#### [Exercise requirements]
This exercise calls for all the entries that follow to be set down exactly, without their images.

#### [Data to use]
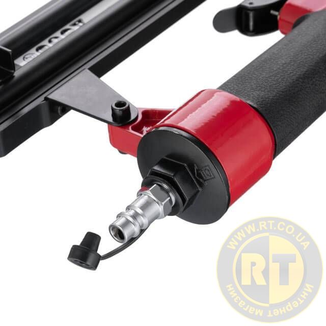 Пневмостеплер має дуже компактну та легку конструкцію, вага всього 1,3 кг не перевантажує руки, тому ним комфортно працювати протягом тривалого часу. Прогумована ручка забезпечує відмінну фіксацію інструмента в руці.
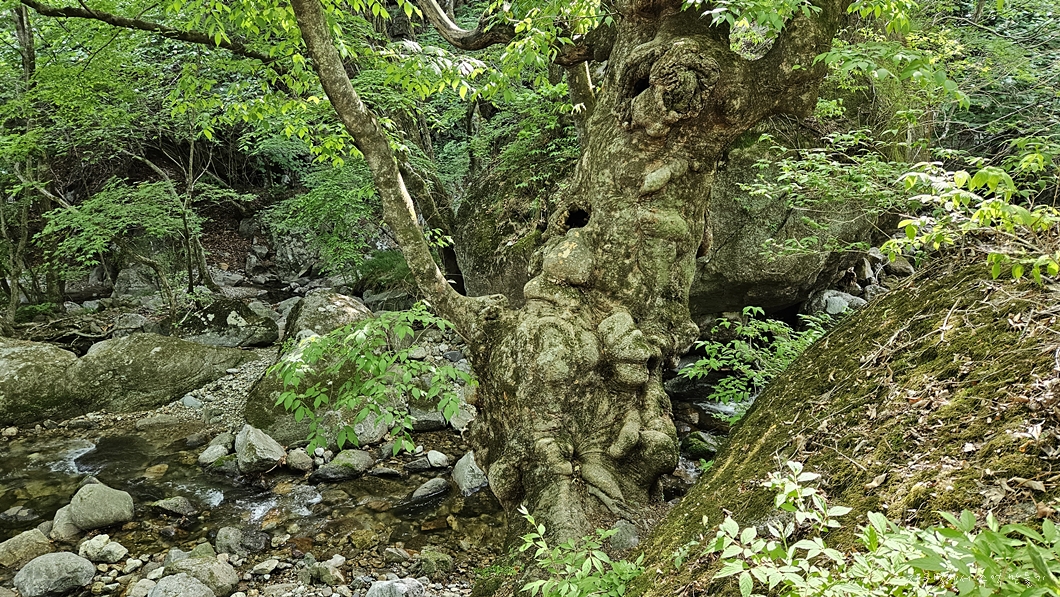 초암사 앞 개울 속의 이 나무는 언제 봐도 위용이 대단합니다.
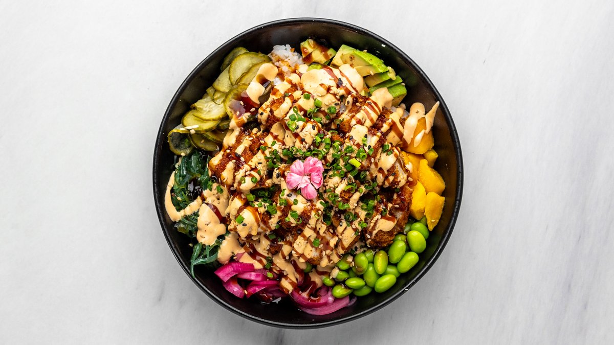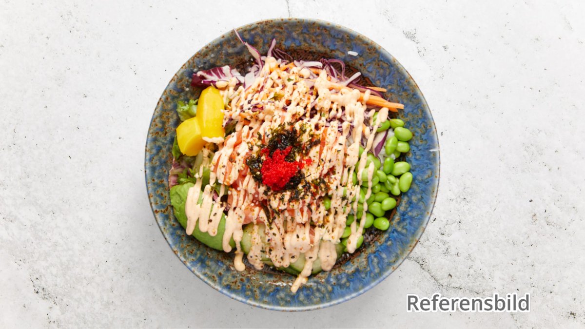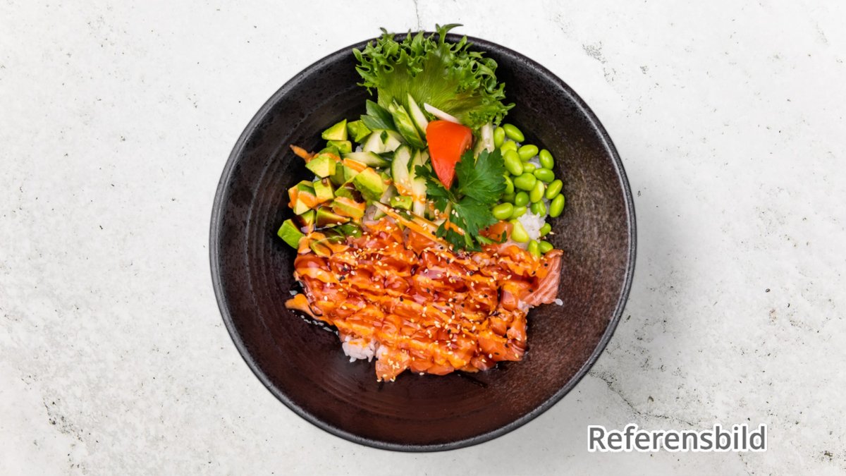 I alla bowls ingår: ris, edamamebönor, wakame sallad, mango, sesam, picklad rödlök, chilimayo, teriyaki, gurka, vårlök & avokado
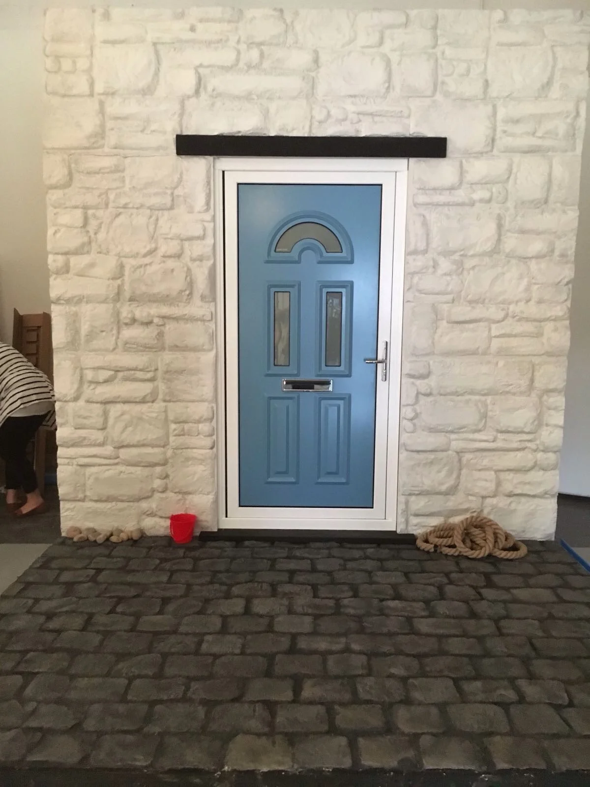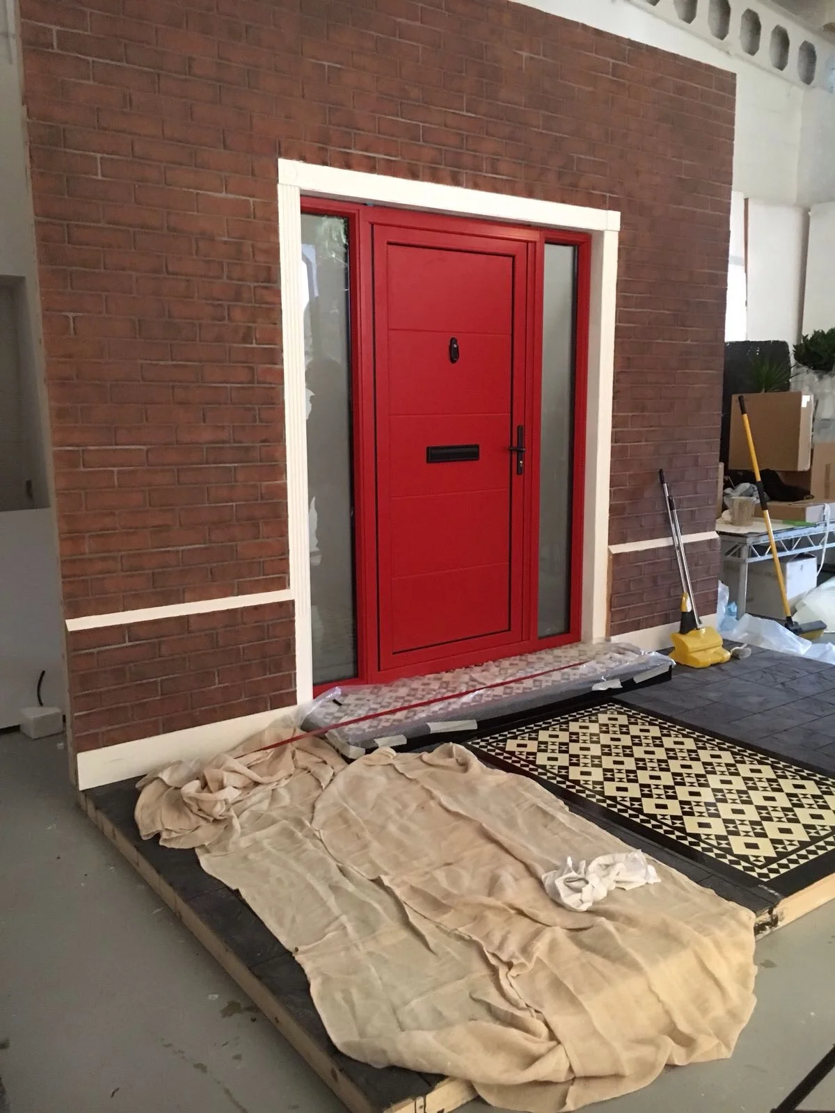 Set Build of four front doors for an advert. Flats built, erected and braced, clad with vac formed brick work and mdf. Detail added and painted to bring to life! Really enjoyed this job, most of all the scenic painting part.
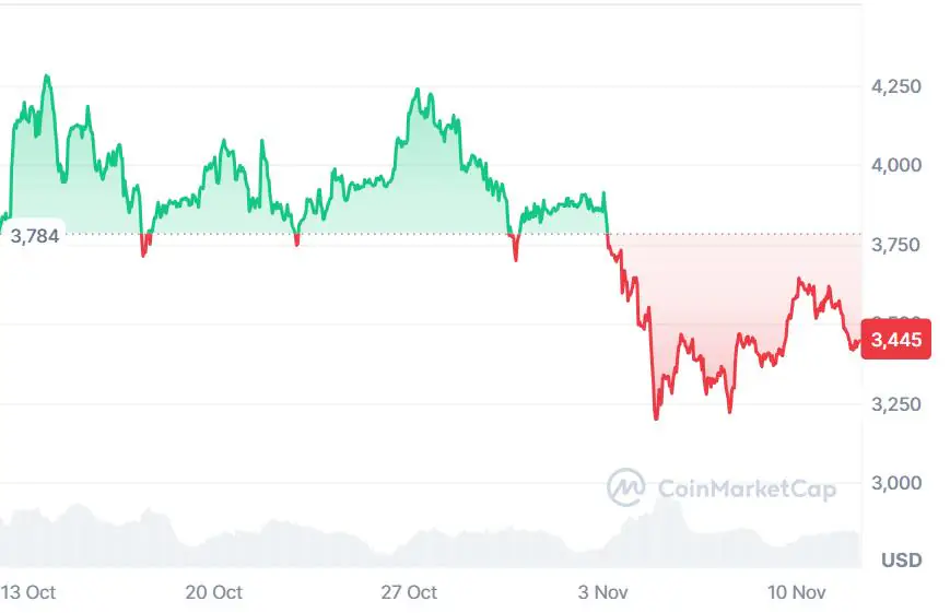 CoinMarketCap数据显示,11月11日以太坊价格徘徊在3400美元附近。然而,截至同日,以太坊占比为……2010亿美元占所有区块链上总计 3140 亿美元代币化资产的 3140 亿美元。这意味着,尽管它作为结算层占据主导地位,但最大的山寨币

#### [Output for this task]
 Пневмостеплер має дуже компактну та легку конструкцію, вага всього 1,3 кг не перевантажує руки, тому ним комфортно працювати протягом тривалого часу. Прогумована ручка забезпечує відмінну фіксацію інструмента в руці.
 초암사 앞 개울 속의 이 나무는 언제 봐도 위용이 대단합니다.
 I alla bowls ingår: ris, edamamebönor, wakame sallad, mango, sesam, picklad rödlök, chilimayo, teriyaki, gurka, vårlök & avokado
 Set Build of four front doors for an advert. Flats built, erected and braced, clad with vac formed brick work and mdf. Detail added and painted to bring to life! Really enjoyed this job, most of all the scenic painting part.
 CoinMarketCap数据显示,11月11日以太坊价格徘徊在3400美元附近。然而,截至同日,以太坊占比为……2010亿美元占所有区块链上总计 3140 亿美元代币化资产的 3140 亿美元。这意味着,尽管它作为结算层占据主导地位,但最大的山寨币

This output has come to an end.